# Problem to work on:
Within the entries below, please retype exactly the lines starting with the line that has "Ne danno il" and going on through the line that has "TCTLTMB: Thông báo tuyển nhân sự", but not the pictures.

# Records contained in a dataset:
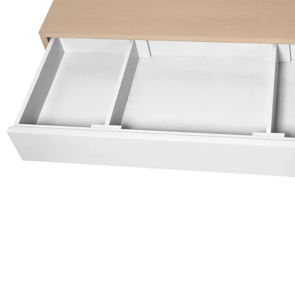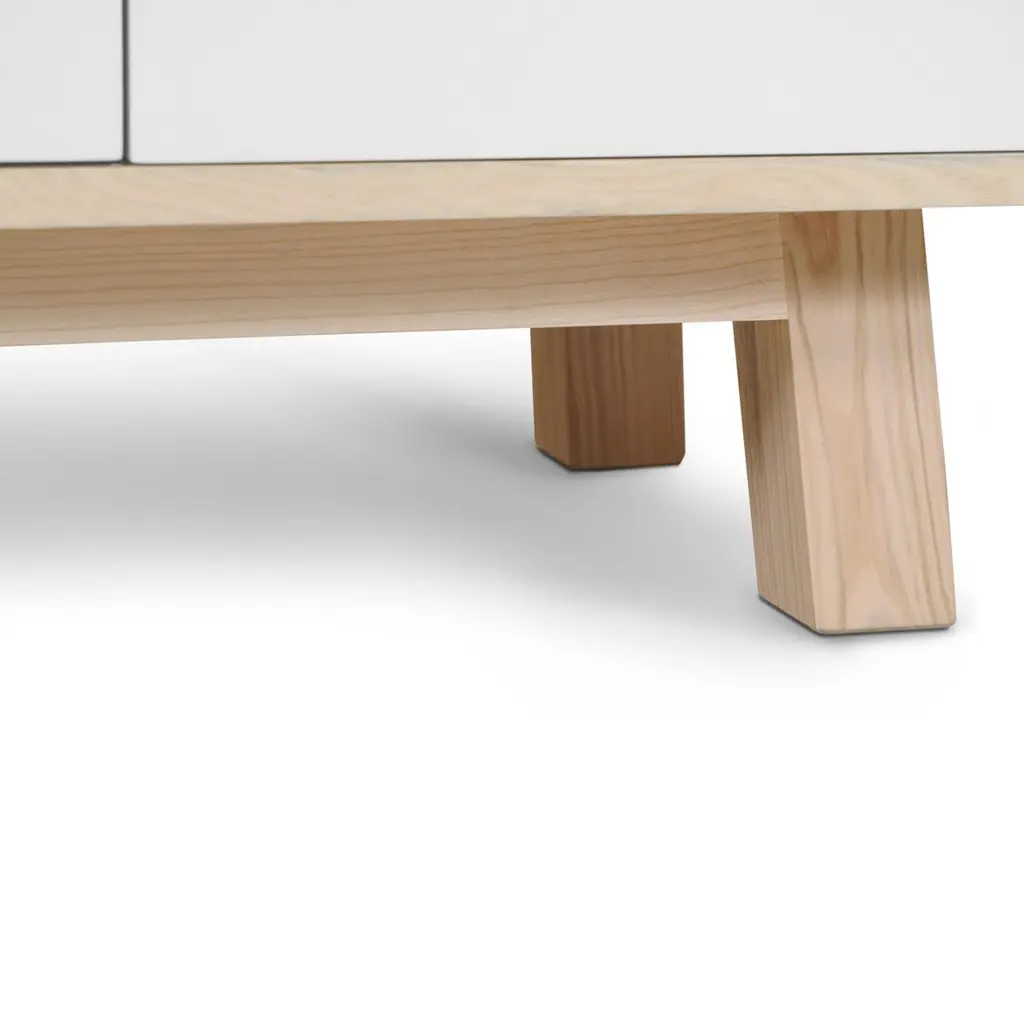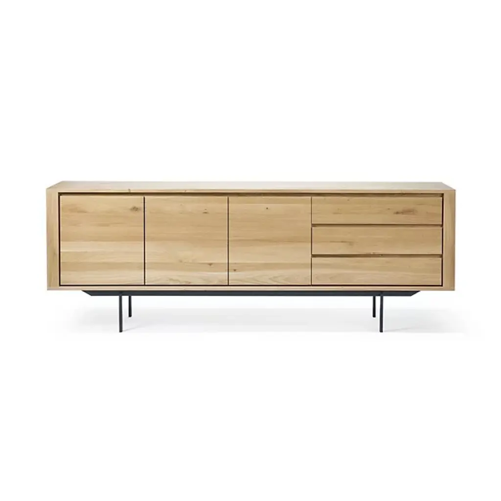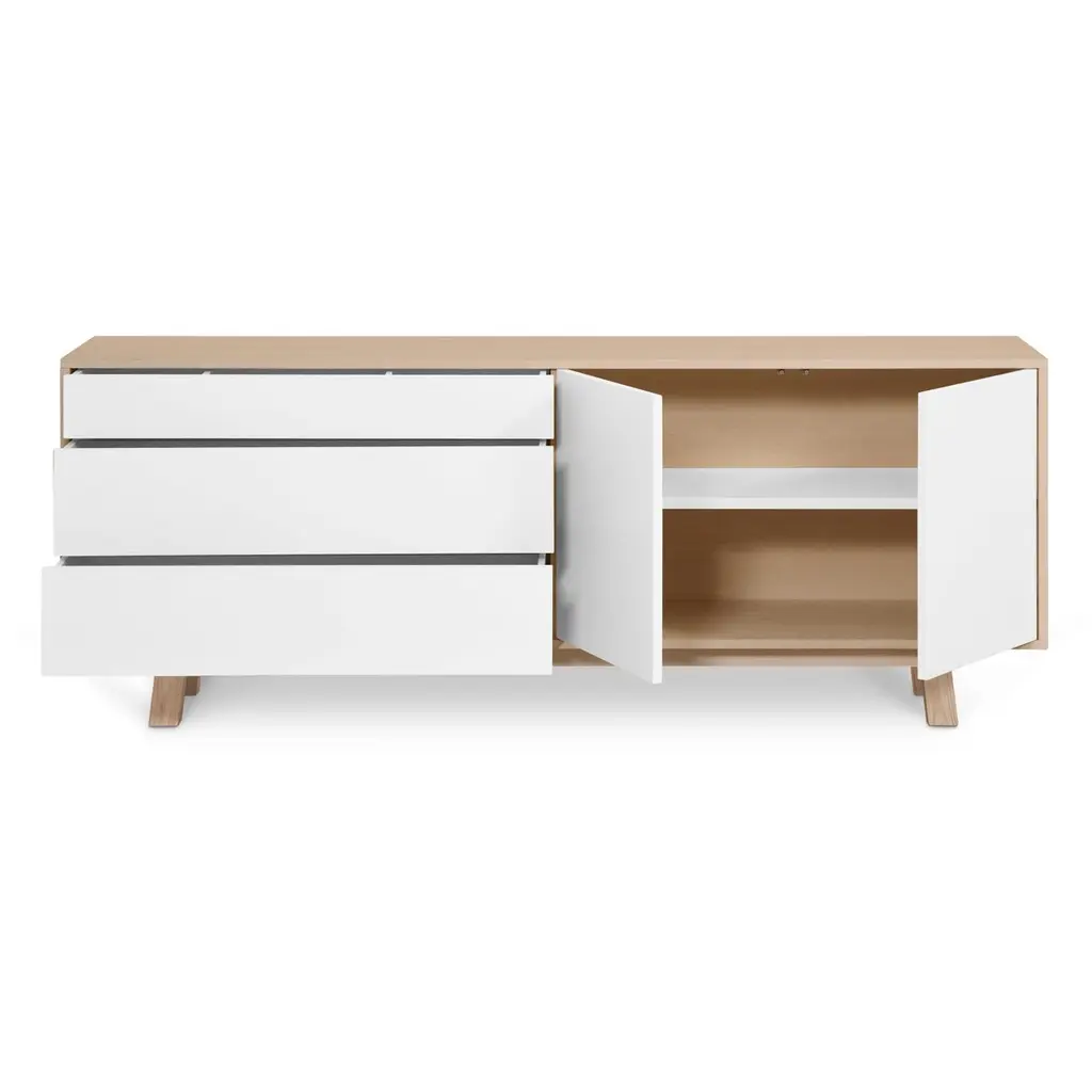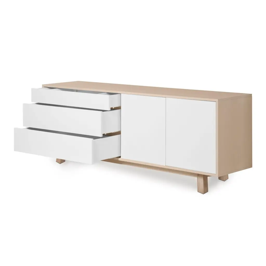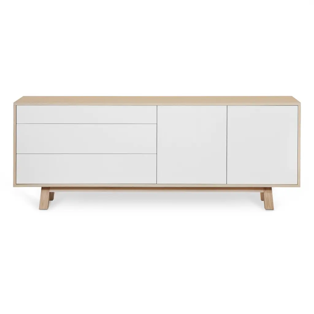 This 2-door, 3-drawer sideboard is presented here in ash wood and also available in French oak.No assembly is required from your side, the furniture is fully mounted in our workshop.The 3 drawers take up half the total length. The drawers fronts are solidly assembled with dovetail joints. The top drawer is lower than the other 2 and features 2 removable interior wooden dividers. The 2 lower drawers are normal drawers without dividers. Behind the 2 hinged doors, 1 height-adjustable shelf on cleats is supplied with the sideboard. To prevent damage during transport, it is positioned at the bottom of the buffet. All you have to do is place it on the cleats (supplied) at the desired height upon reception. Doors and drawers open with a « push & release » pressure on front.ÉGÉE COLLECTIONThis large & low 2-door 3 -drawer sideboard is part of the ÉGÉE collection, designed by the Parisian designer Eric GIZARD who here adopts the refined codes of Scandinavian design. combining natural materials, elegance and sobriety of lines by adding very beautiful muted and "trendy" colors.Inside the ÉGÉE collection, the KUBE concept is designed to offer an optimized and aesthetically pleasing storage concept.MON PETIT MEUBLE FRANÇAISoffers you 100% French products. The solid wood comes exclusively from sustainably managed French forests.The manufacture and finishes are of very high quality, carried out in French workshops in Mayenne, France.
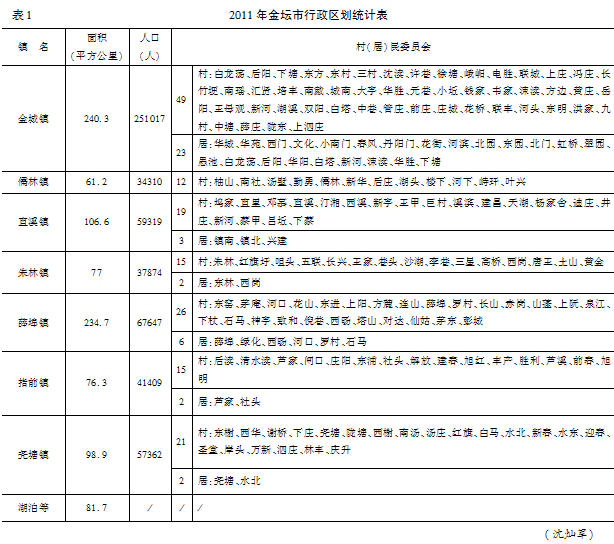 【行政区划】 金坛市行政区域现有面积976.7平方公里,人口54.9万人,辖7个镇1个开发区,157个村委会,38个社区居委会,镇区平均人口规模6.87万人,平均面积为122平方公里。
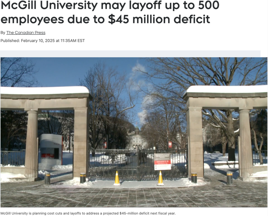 值得注意的是,麦吉尔大学并不是唯一面临财务危机的高等院校,全国各地的大学和学院也在报告类似的赤字情况,主要受到联邦政府于2024年1月首次实施的留学生数量限制政策的影响。Manfredi表示:“加拿大几乎所有高等院校都在面临预算赤字的问题。”
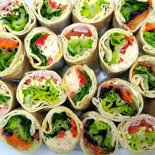 Wrap de salami, lomo ahumado, pechuga de pavo, queso, espinacas, aceitunas negras y aderezo ranch.
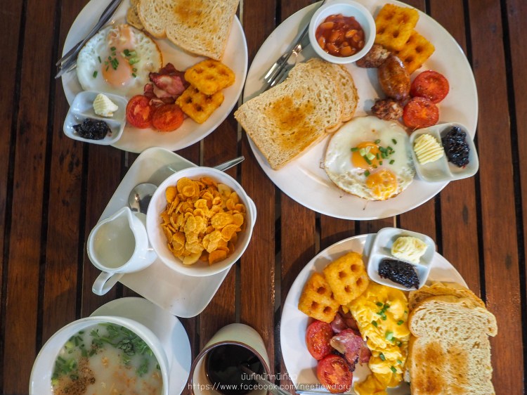 อาหารเช้าของที่นี่จะให้เราสามารถเลือกได้คนละ 1 ชุด จะมีข้าวต้ม หรือชุดอเมริกันเบรกฟาร์ส โดยปริมาณที่ให้มา หากทานหมดก็อิ่มมากทีเดียวเลยค่ะ
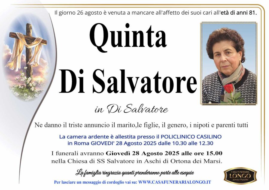 Ne danno il triste annuncio il marito, le figlie, il genero, i nipoti e parenti tutti
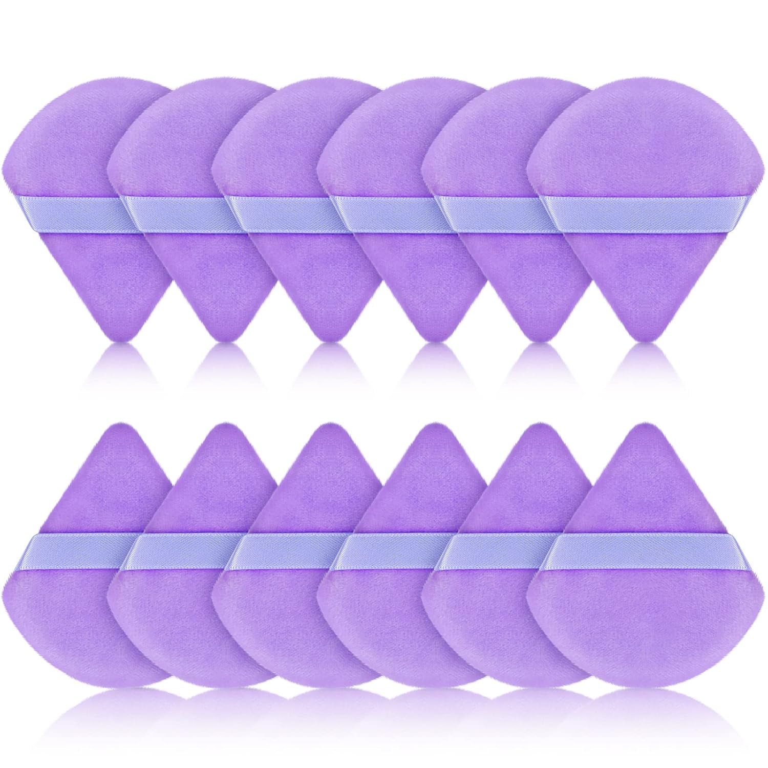 Maitys 12 Pieces Powder Puff Triangle Face Makeup Cosmetic for Loose Powder Soft Body Washable Reusable Foundation Sponge Mineral Wet Dry Makeup Tool for Women(Small,Purple)
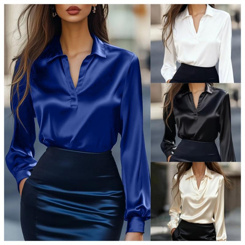 Spot 2025 New Autumn Fashion Commuter Satin V-neck Long-sleeved Shirt Shirt
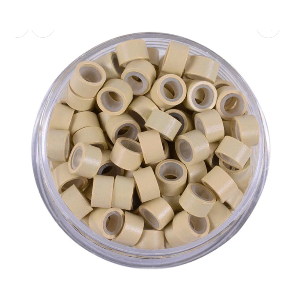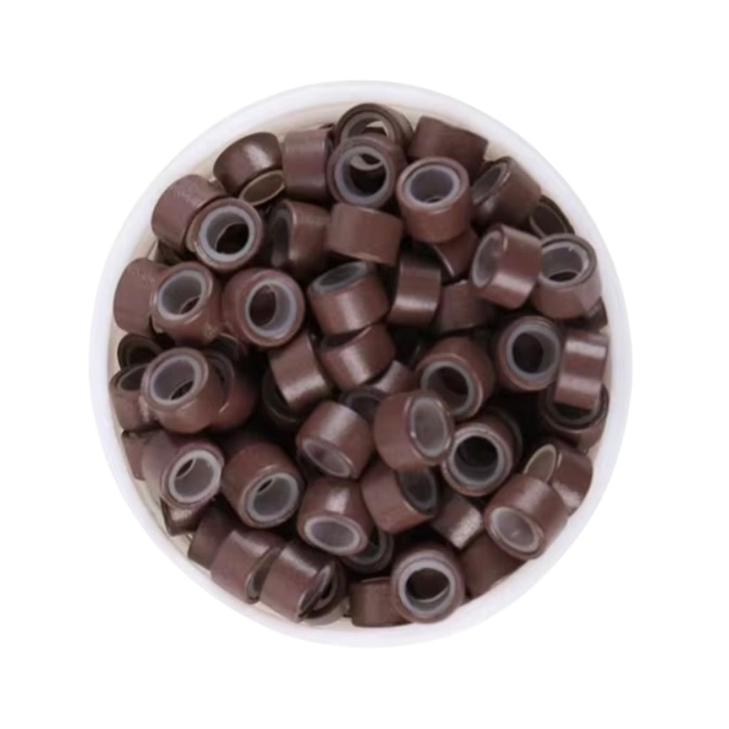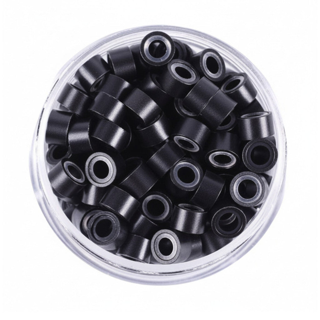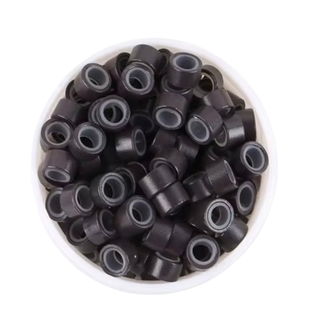 5mm silicone-lined micro rings (100pc) with a soft grip lining for secure, long-lasting installs. Ideal for i-tip and micro-link methods, plus feather installs—lightweight, comfortable, and salon approved.
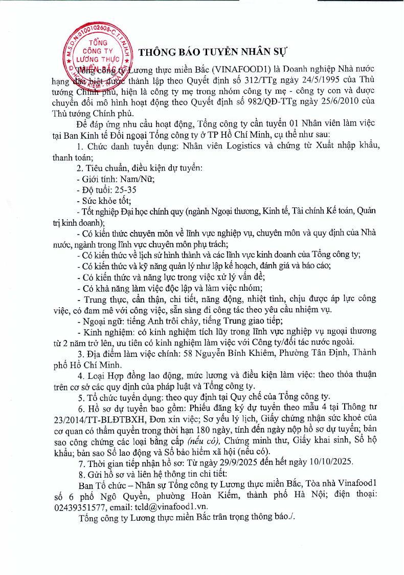 TCTLTMB: Thông báo tuyển nhân sự
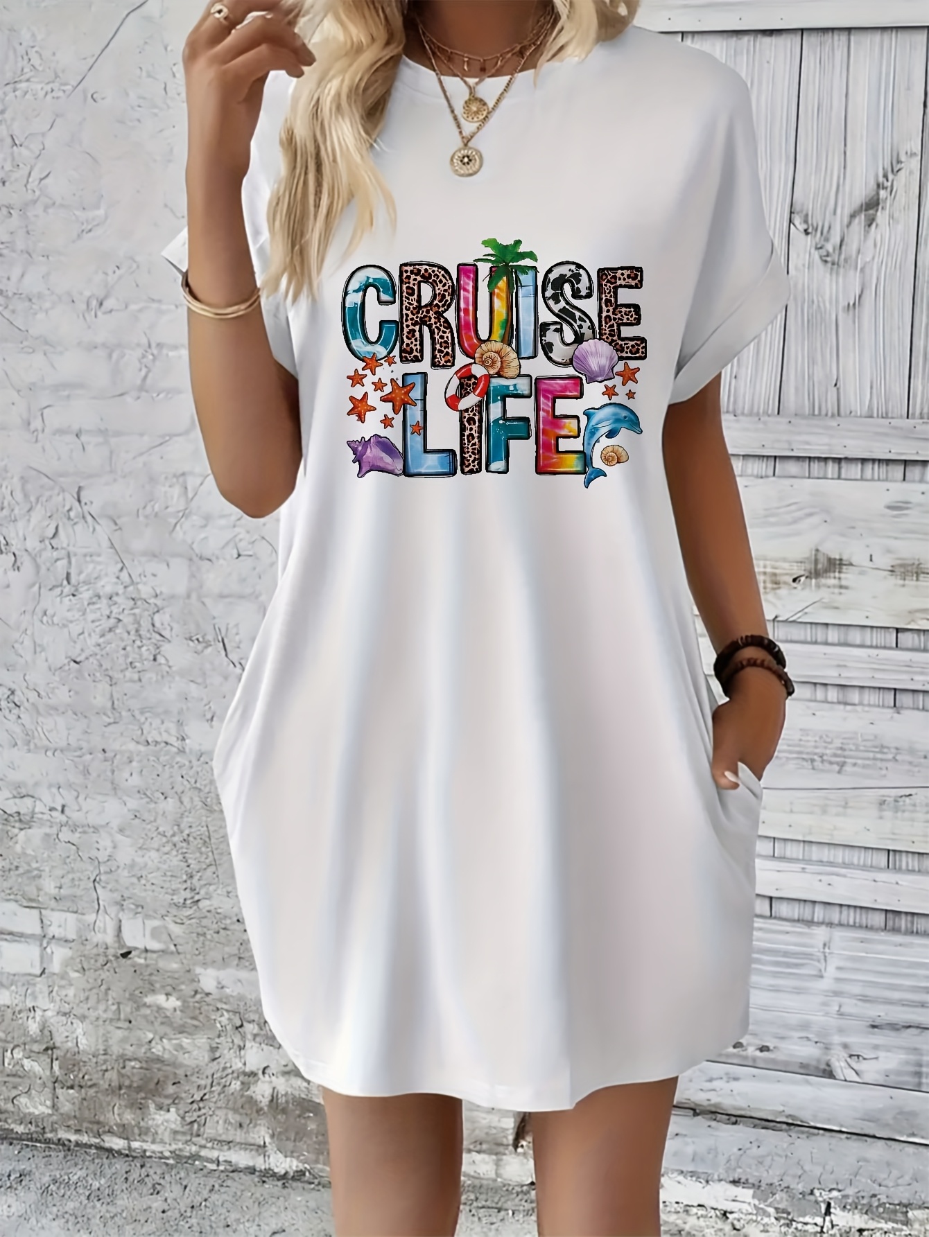 Women's Tropical Vacation Dress - Dark Grey T-Shirt Dress with Cruise Life Graphic, Short Sleeve Beach Outfit, Machine Washable Casual Summer Dress for Women, Beach Dress, Spring Fashion, Relaxed Fit, Comfortable Fabric, Travel Essentials, Holiday Outfit, Lightweight Material, Women's Fashion
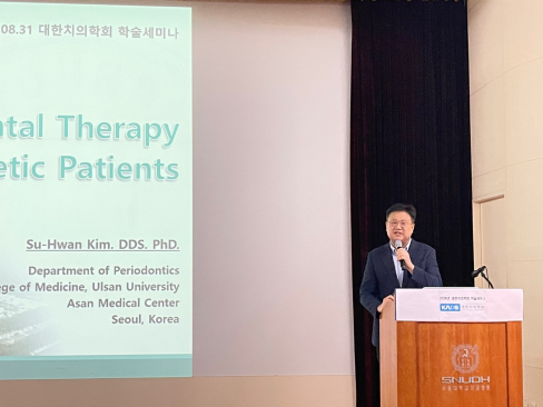 ► 학술세미나 ○ 이번 학술세미나(대강당)는 많은 치과의사들이 참석한 가운데, 권용대 교수(경희대학교 치과대학)는 "항흡수치료 환자의 최신경향과 치과 치료 전략"에 대해, 김수환 교수(서울아산병원)는 "당뇨병 환자의 임플란트 및 치주치료"를 주제로 강연했다. 두 강연은 특히 골다공증과 당뇨병 환자의 임플란트 치료 시 주의할 점과 치과의사의 역할에 대해 다루며 높은 집중도를 이끌어냈다.
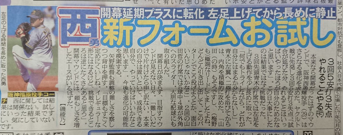 阪神・西勇輝、開幕予定だったヤクルト戦で3回3失点 - SANSPO.COM https://www.sanspo.com/baseball/news/20200320/tig20032015040015-n1.html … @sanspocomさんから

# Solution:
 Ne danno il triste annuncio il marito, le figlie, il genero, i nipoti e parenti tutti
 Maitys 12 Pieces Powder Puff Triangle Face Makeup Cosmetic for Loose Powder Soft Body Washable Reusable Foundation Sponge Mineral Wet Dry Makeup Tool for Women(Small,Purple)
 Spot 2025 New Autumn Fashion Commuter Satin V-neck Long-sleeved Shirt Shirt
 5mm silicone-lined micro rings (100pc) with a soft grip lining for secure, long-lasting installs. Ideal for i-tip and micro-link methods, plus feather installs—lightweight, comfortable, and salon approved.
 TCTLTMB: Thông báo tuyển nhân sự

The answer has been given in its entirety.